Hello everyone,
I have a short question regarding RNN and CrossEntropyLoss:
I want to classify every time step of a sequence. For this I want to use a many-to-many classification with RNN. So I forward my data (batch x seq_len x classes) through my RNN and take every output. My target is already in the form of (batch x seq_len) with the class index as entry.
Now I use the CrossEntropyLoss to train my net and that’s the point I’m not sure about my solution.
The CrossEntropyLoss wants the output as (NxC) and the target as (N).

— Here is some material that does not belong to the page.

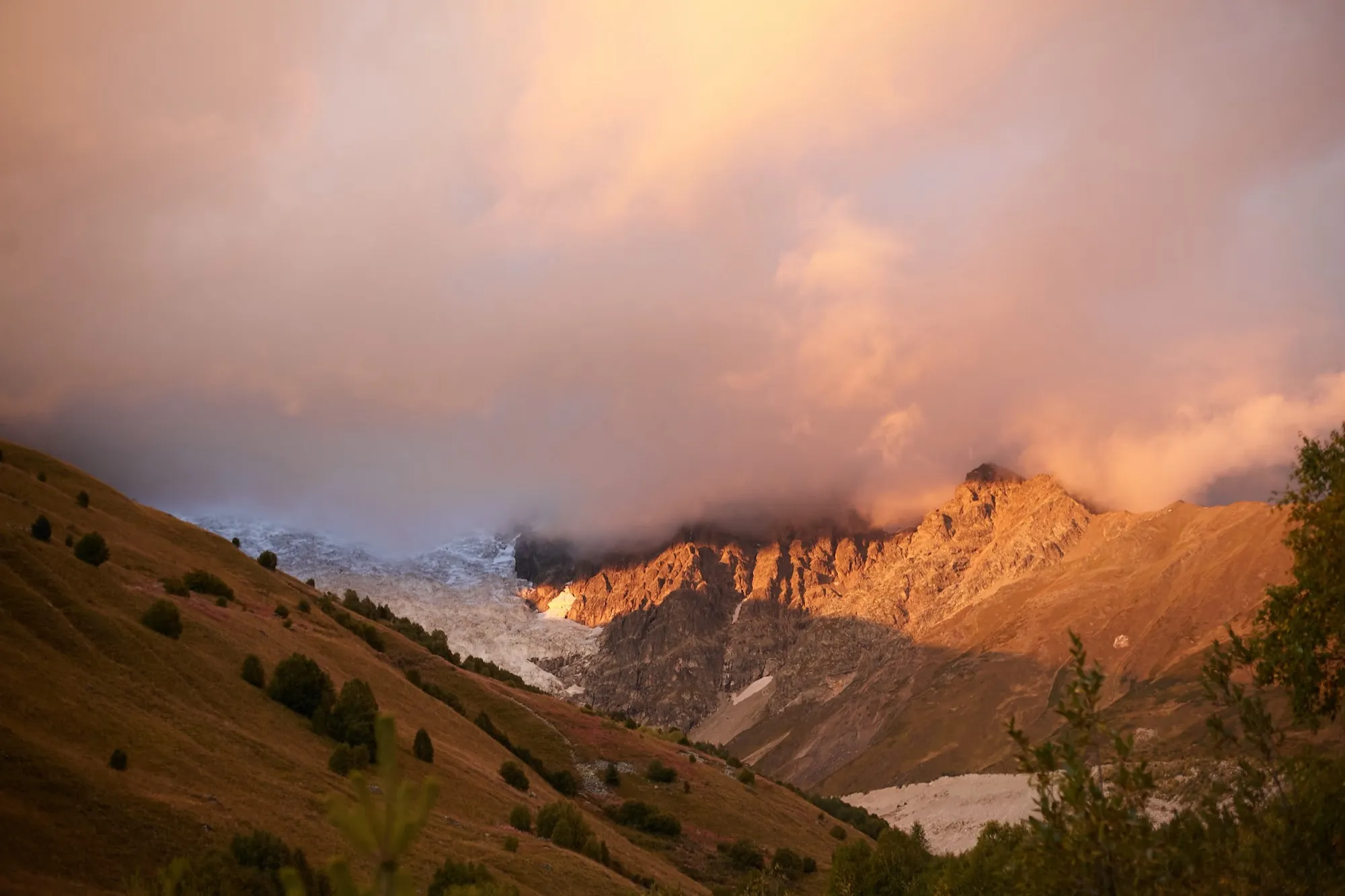 Неспешное утро. Готовим яичницу на костре, пьём кофе с круасанами, собираем палатки и рюкзаки и выдвигаемся. Сегодня потрясающая тропа. На протяжении всего дня мы будем видеть Кавказский хребет прямо рядом с нами. Сзади будет Ушба, слева огромный Тетнульд, а вдалеке будет виднется Шхара.

So what I do is reshaping the output to (batchseq_len x C) and the target to (batchseq_len).
My minimal working example looks like this:
import torch
# 3 batches, sequence length 10, 5 features to classify into 3 classes
data = torch.rand((3, 10, 5)) # (batch x seq_len x features)
target = torch.randint(0, 3, (3, 10)) # (batch x seq_len), class index for each timestep
model = torch.nn.RNN(input_size=5, hidden_size=3, batch_first=True)

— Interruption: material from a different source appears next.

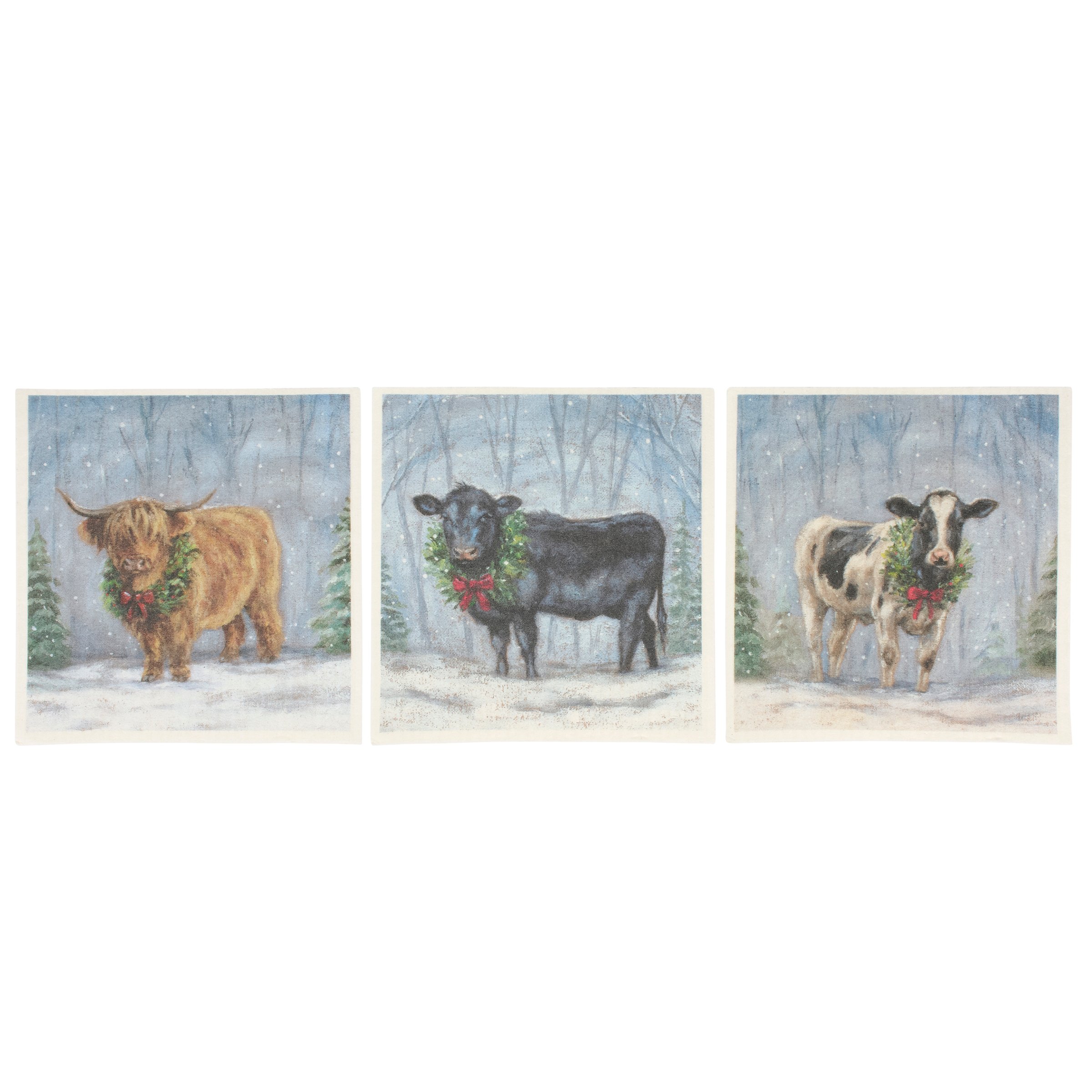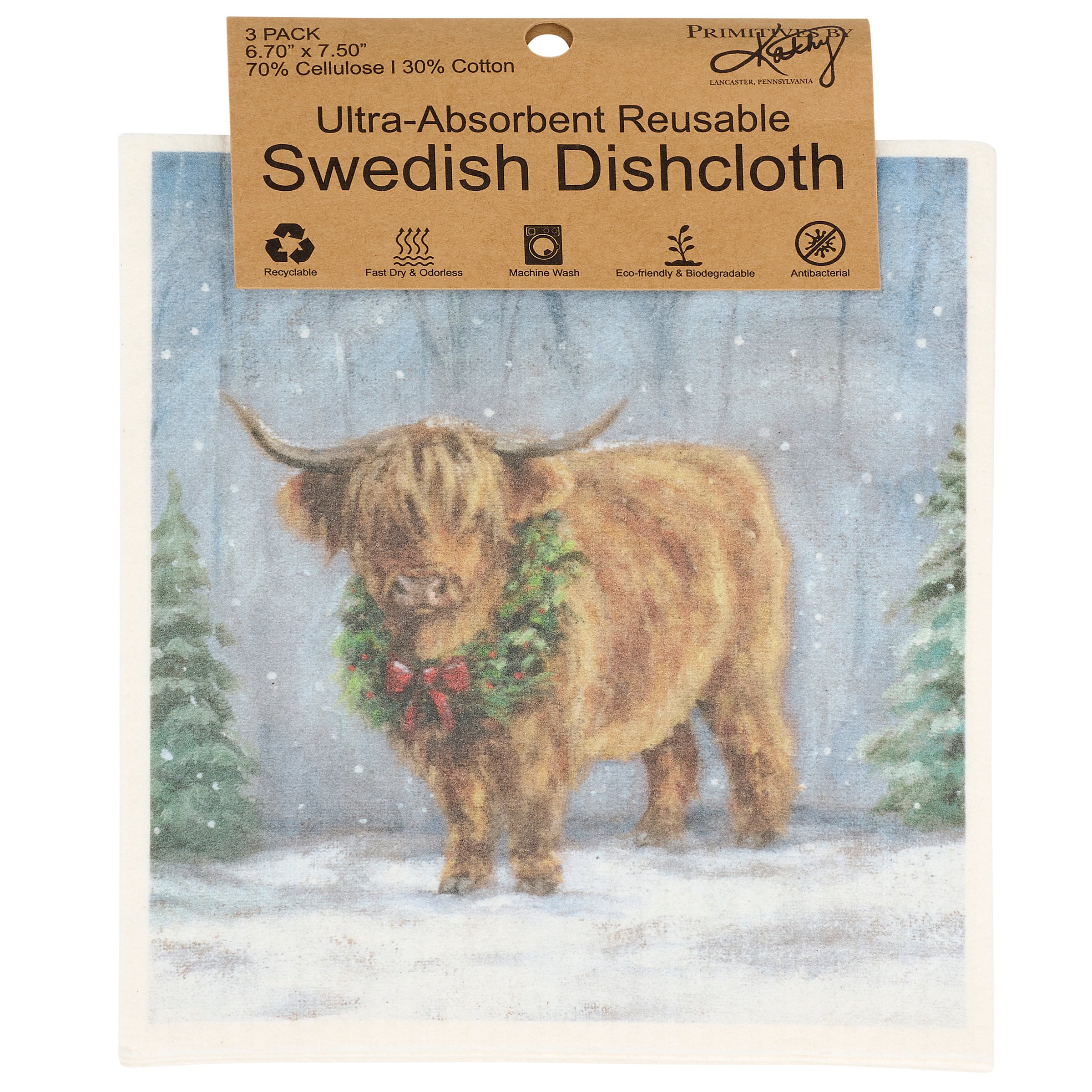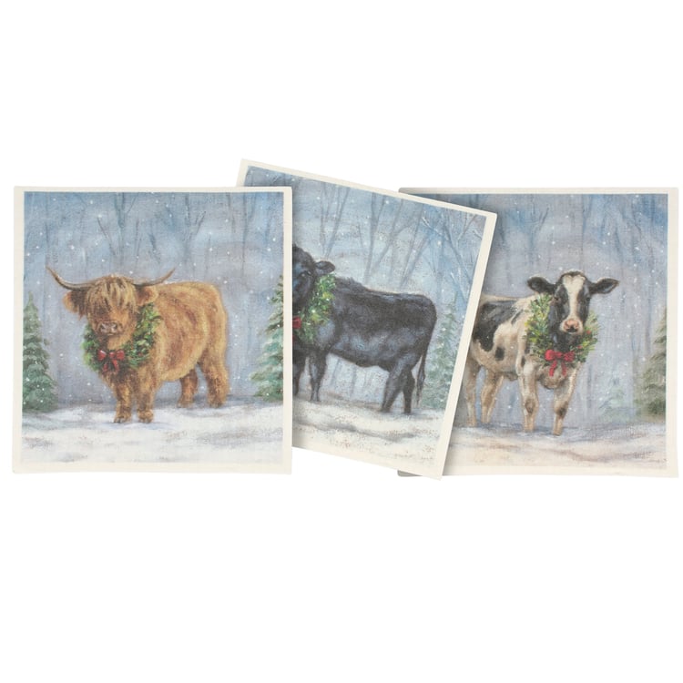 Safe to use on all types of surfaces, eco-friendly Swedish Dishcloths dry quickly and are antibacterial for more hygienic cleaning with reduced waste. This set of 2 Swedish Dishcloths from our Christmas Collection features charming winter scenes of various farm cows wearing holiday wreaths on each dishcloth. Winter cow designs are replicated from original artwork painted onto burlap canvas, giving the art a unique depth and texture. Our Snowy Cows Swedish cloth set is ultra-absorbent and conveniently machine-washable for easy cleaning and reuse. Seasonal dishcloths are attached to header card with hole for easy rack display. A farm themed set of reusable dishcloths perfect for replacing dull sponges and paper towels with long-lasting colorful designs.

output, _ = model.forward(data) # (batch x seq_len x number_of_classes)
# reshape output and target for cross entropy loss
output = output.reshape(output.size(0)*output.size(1), -1) # (batch * seq_len x classes)
target = target.reshape(-1) # (batch * seq_len), class index
criterion = torch.nn.CrossEntropyLoss()
loss = criterion(output, target)
Is this correct? Is the reshape() doing what I want to do?
Thanks for your help!